▸ About this task: If a line below falls between the line with "Backwaren-Verkaufscontainer 3er Anlage" and the line with "越秀·熙悦江湾所处的广纸板块", or is one of those two, output it exactly; output nothing else and no pictures.

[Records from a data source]
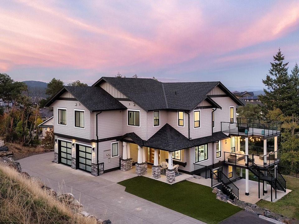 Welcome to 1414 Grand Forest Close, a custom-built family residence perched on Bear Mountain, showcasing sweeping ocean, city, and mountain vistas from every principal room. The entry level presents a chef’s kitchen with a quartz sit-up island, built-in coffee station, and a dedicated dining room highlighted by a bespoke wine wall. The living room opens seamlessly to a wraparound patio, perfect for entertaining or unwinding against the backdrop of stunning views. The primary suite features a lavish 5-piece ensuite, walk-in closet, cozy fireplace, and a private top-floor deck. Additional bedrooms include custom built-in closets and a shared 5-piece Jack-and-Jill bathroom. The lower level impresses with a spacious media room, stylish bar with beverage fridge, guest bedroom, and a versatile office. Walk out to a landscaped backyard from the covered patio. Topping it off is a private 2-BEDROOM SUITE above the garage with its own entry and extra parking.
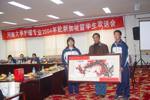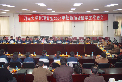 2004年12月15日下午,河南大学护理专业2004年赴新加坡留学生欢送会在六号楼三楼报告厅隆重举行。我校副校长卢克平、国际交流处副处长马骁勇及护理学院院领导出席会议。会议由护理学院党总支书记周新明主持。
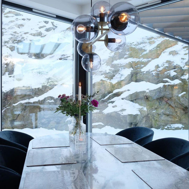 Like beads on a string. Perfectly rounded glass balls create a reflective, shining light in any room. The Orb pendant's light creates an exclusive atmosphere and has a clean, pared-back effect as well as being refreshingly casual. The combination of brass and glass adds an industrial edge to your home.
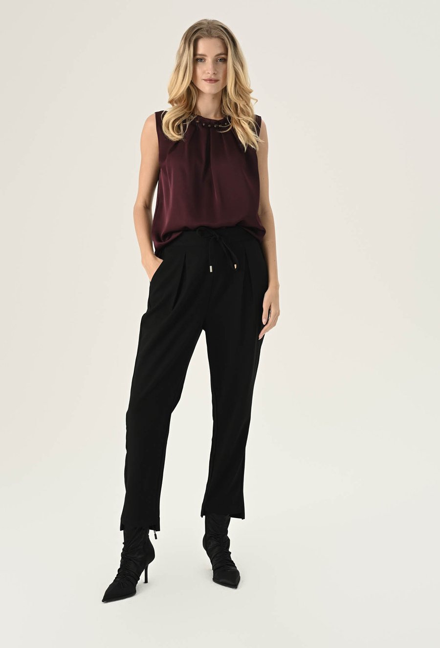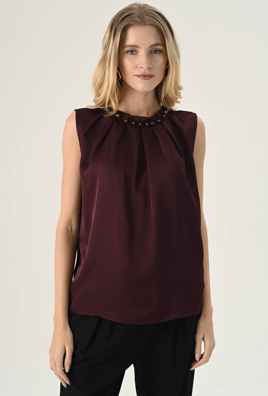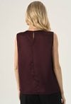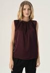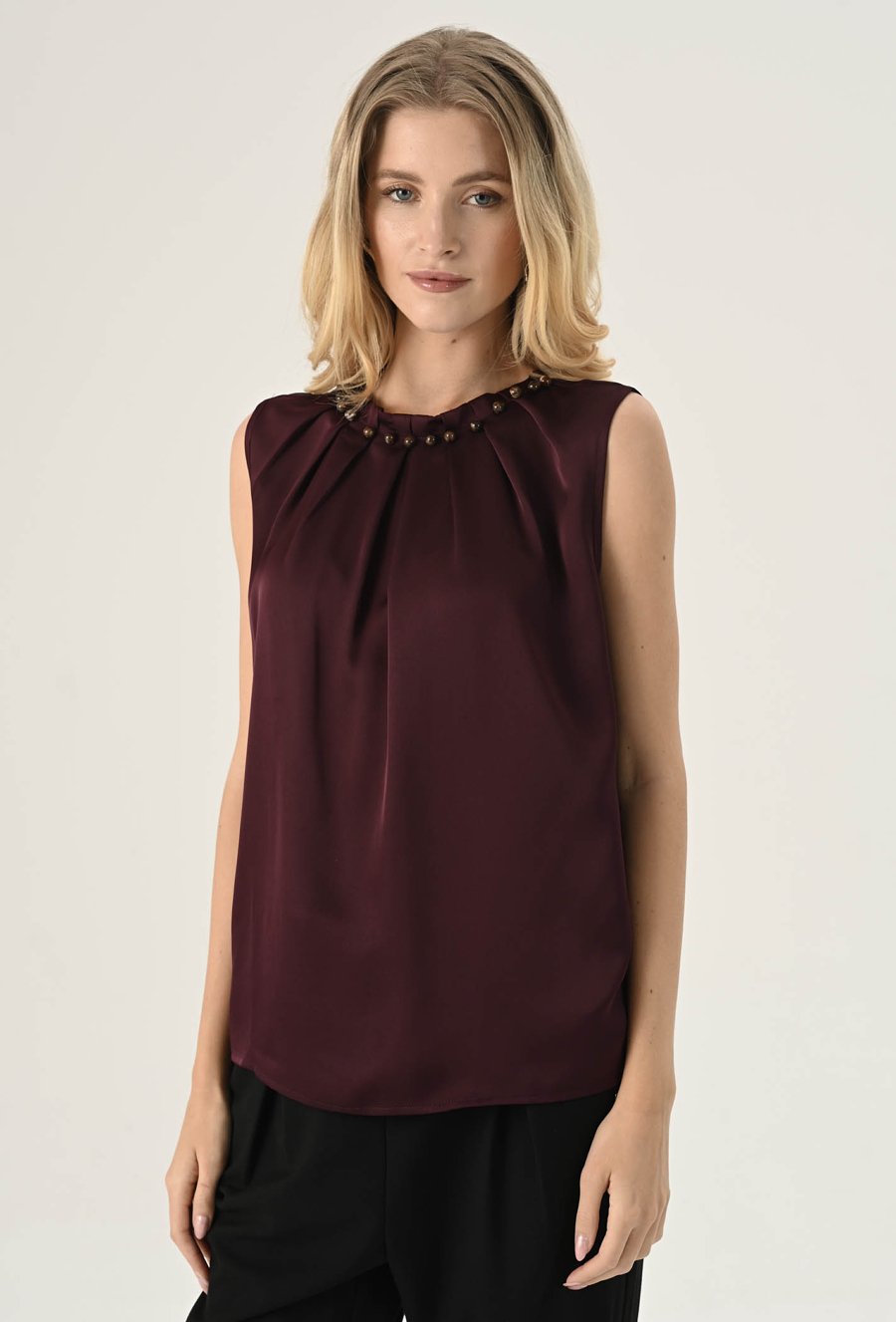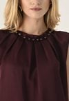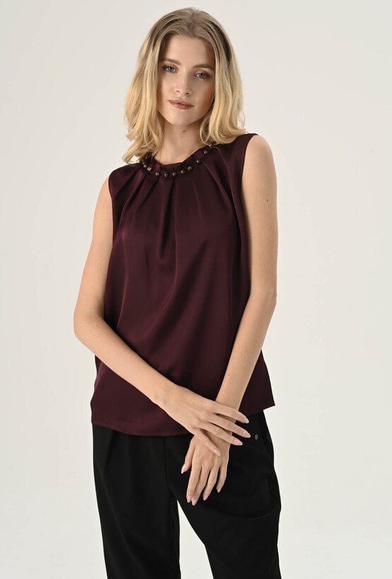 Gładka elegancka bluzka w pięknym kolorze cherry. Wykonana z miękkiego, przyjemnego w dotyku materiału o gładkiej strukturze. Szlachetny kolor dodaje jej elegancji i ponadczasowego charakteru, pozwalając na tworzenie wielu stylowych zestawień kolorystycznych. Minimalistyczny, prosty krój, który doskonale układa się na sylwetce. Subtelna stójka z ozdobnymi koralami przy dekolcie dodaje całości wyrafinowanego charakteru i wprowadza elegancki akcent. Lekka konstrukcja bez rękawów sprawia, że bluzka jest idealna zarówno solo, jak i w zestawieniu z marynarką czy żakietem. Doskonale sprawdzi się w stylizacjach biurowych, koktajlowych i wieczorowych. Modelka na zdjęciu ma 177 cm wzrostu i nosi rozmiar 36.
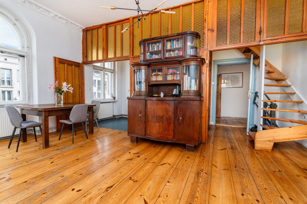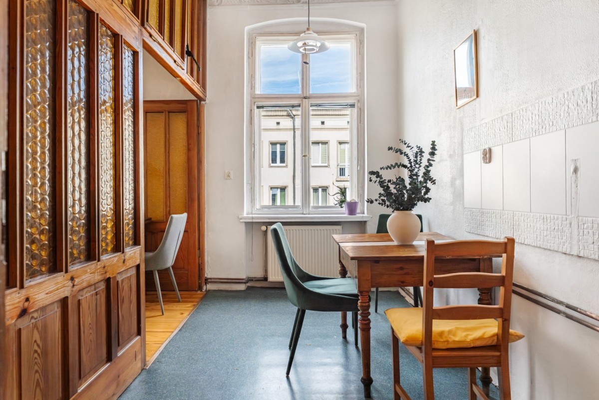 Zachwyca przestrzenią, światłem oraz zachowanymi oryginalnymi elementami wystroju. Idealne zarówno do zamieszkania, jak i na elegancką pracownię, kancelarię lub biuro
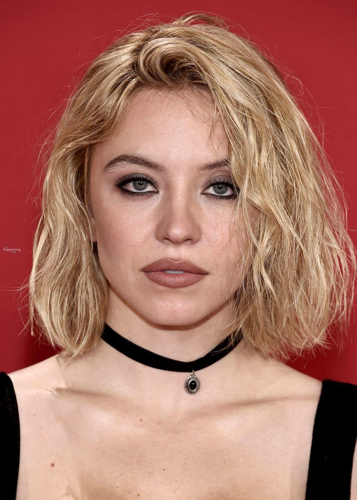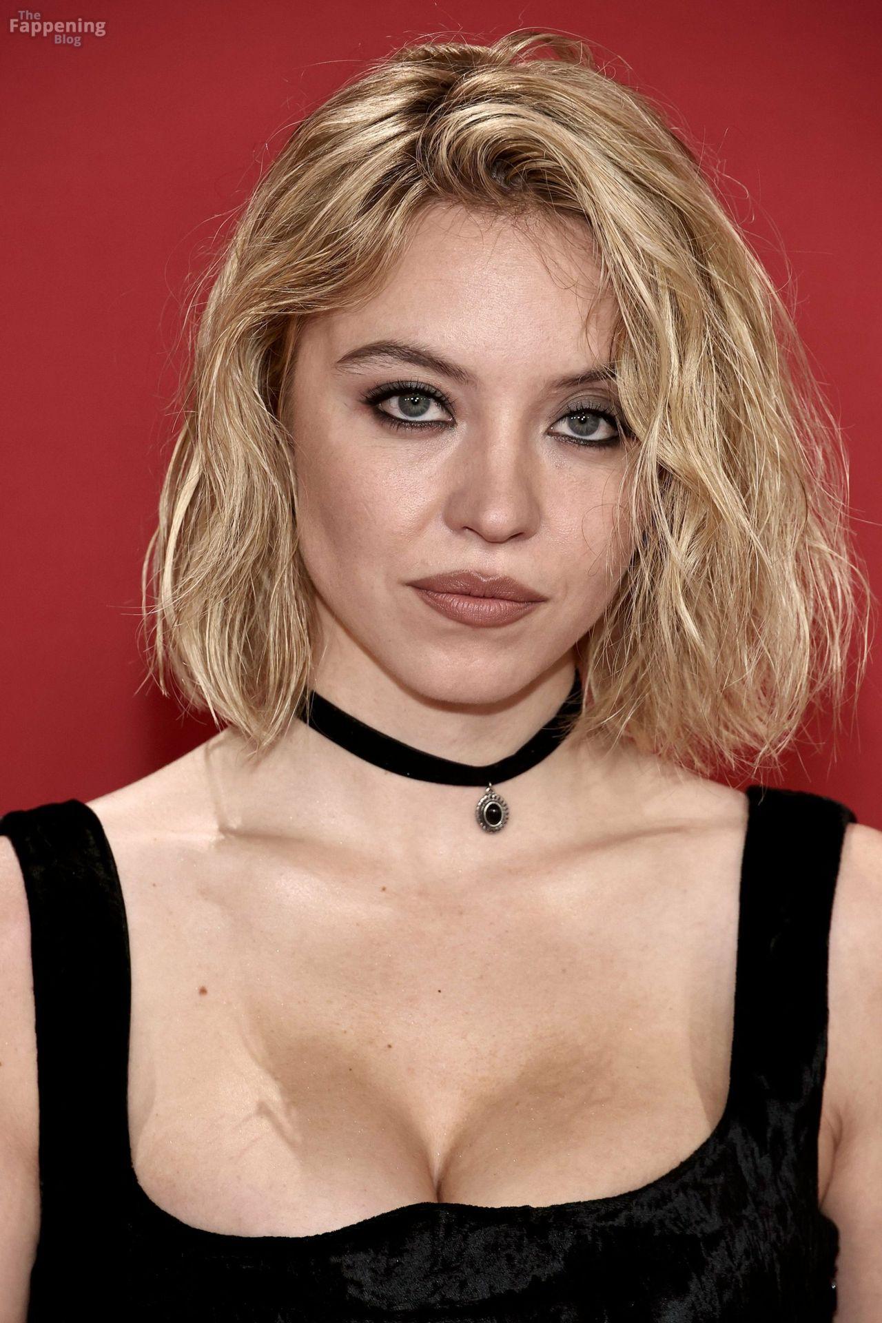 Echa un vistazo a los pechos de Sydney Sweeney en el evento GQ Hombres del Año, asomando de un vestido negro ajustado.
==
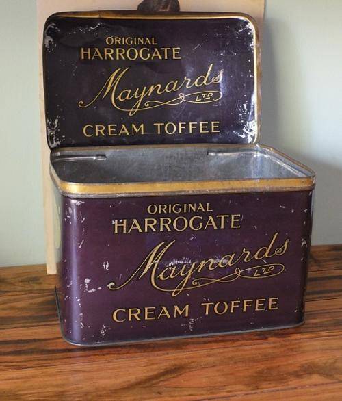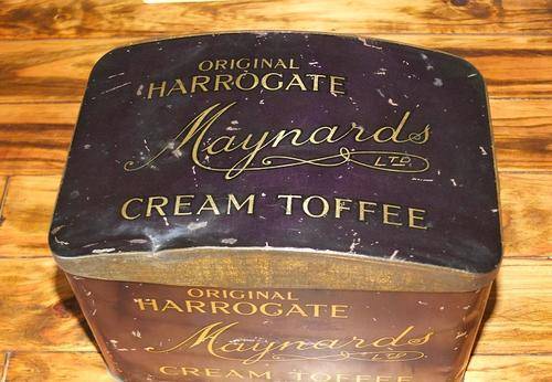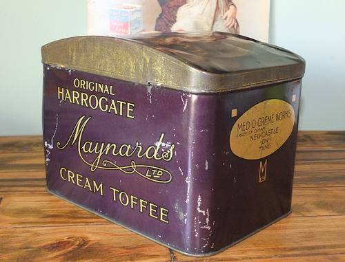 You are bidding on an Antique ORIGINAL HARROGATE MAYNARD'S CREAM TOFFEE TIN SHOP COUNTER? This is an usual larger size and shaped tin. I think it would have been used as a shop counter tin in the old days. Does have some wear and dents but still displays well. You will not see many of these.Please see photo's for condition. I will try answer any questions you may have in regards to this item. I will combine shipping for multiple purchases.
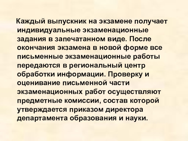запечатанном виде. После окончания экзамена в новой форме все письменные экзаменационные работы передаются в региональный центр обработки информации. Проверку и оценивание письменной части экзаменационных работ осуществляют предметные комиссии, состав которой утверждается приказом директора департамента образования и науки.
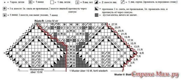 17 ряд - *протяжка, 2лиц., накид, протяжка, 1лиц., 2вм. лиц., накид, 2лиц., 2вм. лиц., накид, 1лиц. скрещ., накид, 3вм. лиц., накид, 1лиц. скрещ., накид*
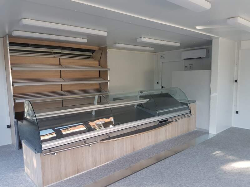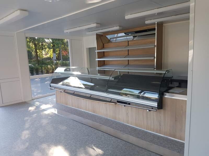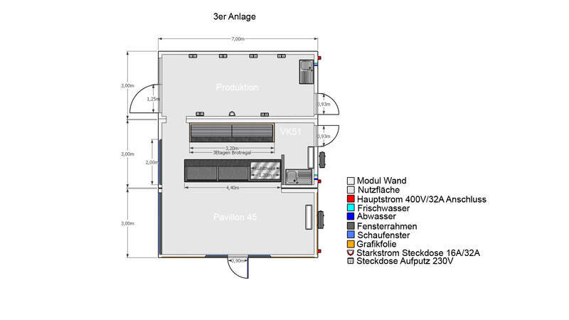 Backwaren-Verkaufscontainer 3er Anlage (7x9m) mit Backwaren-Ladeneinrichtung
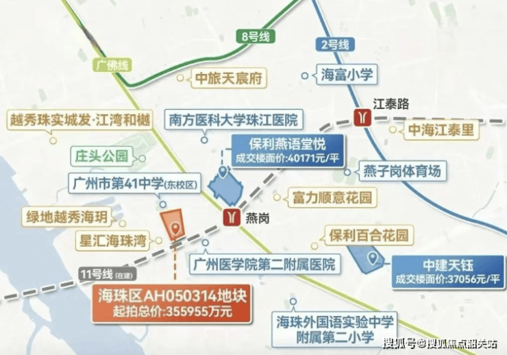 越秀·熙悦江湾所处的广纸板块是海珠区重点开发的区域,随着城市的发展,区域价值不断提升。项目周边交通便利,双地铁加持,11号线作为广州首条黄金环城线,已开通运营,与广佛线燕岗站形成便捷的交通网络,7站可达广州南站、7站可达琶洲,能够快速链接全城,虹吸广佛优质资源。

▸ Response to the task:
 Backwaren-Verkaufscontainer 3er Anlage (7x9m) mit Backwaren-Ladeneinrichtung
 越秀·熙悦江湾所处的广纸板块是海珠区重点开发的区域,随着城市的发展,区域价值不断提升。项目周边交通便利,双地铁加持,11号线作为广州首条黄金环城线,已开通运营,与广佛线燕岗站形成便捷的交通网络,7站可达广州南站、7站可达琶洲,能够快速链接全城,虹吸广佛优质资源。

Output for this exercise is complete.